* What you should do *
In the listing below, find the line containing "5月16日,由安陽市住建局、" and the line containing "высота [мм] 90". Repeat exactly those two lines and every line between them, nothing more.

* Given information *
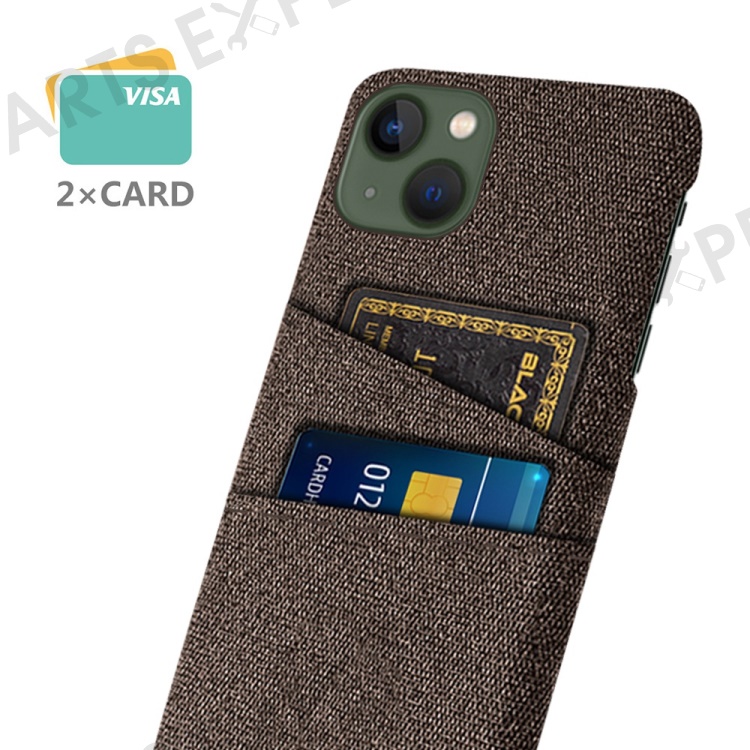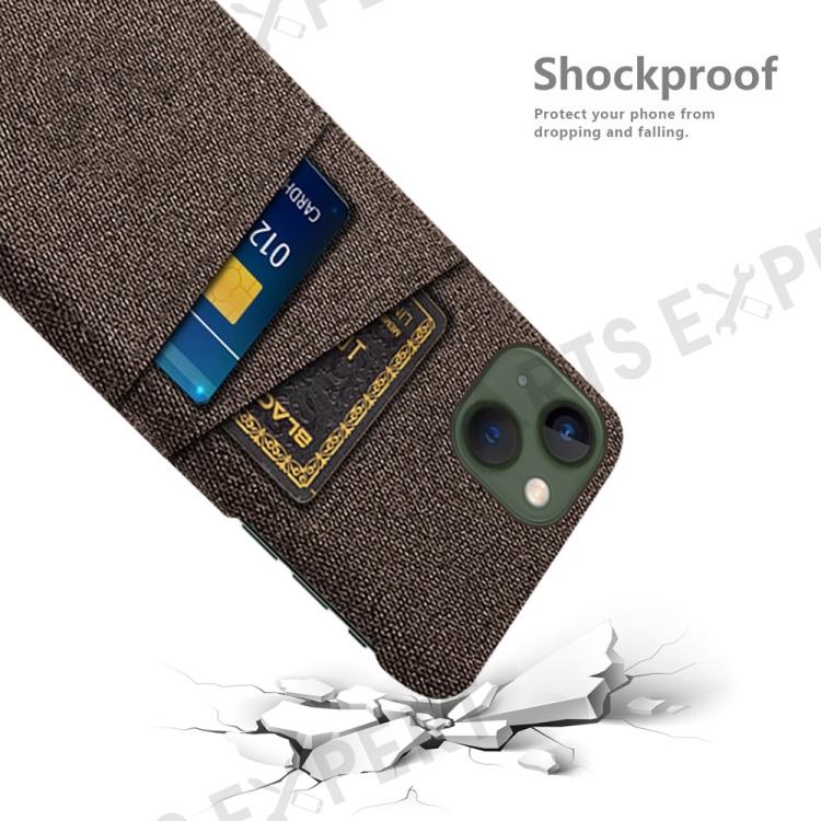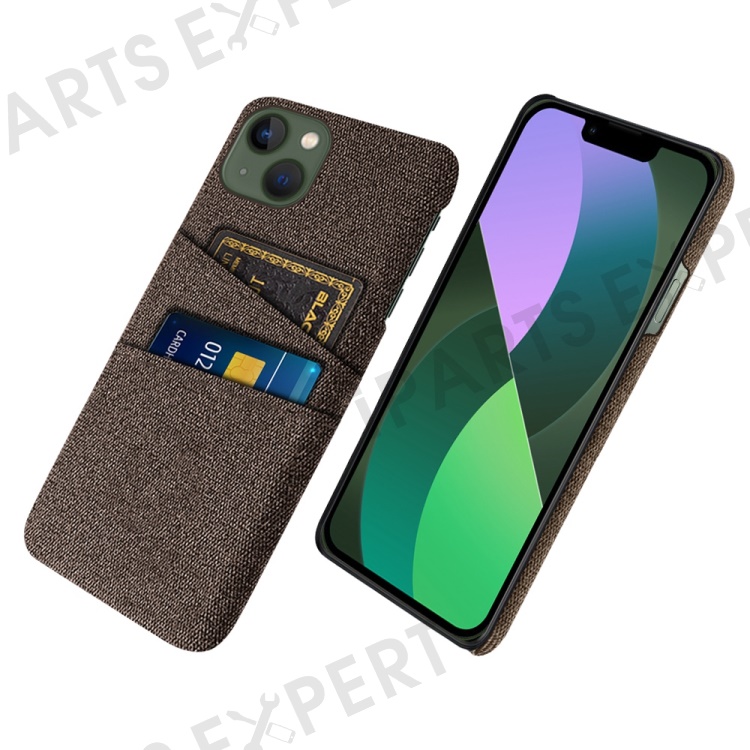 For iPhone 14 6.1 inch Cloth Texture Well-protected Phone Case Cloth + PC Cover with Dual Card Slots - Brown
==
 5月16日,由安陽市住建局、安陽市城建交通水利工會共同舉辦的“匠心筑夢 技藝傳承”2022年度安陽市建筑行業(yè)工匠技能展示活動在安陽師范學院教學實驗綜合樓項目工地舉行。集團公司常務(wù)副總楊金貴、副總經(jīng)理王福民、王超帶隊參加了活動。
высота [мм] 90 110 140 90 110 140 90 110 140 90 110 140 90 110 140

* Problem solution *
 5月16日,由安陽市住建局、安陽市城建交通水利工會共同舉辦的“匠心筑夢 技藝傳承”2022年度安陽市建筑行業(yè)工匠技能展示活動在安陽師范學院教學實驗綜合樓項目工地舉行。集團公司常務(wù)副總楊金貴、副總經(jīng)理王福民、王超帶隊參加了活動。
высота [мм] 90 110 140 90 110 140 90 110 140 90 110 140 90 110 140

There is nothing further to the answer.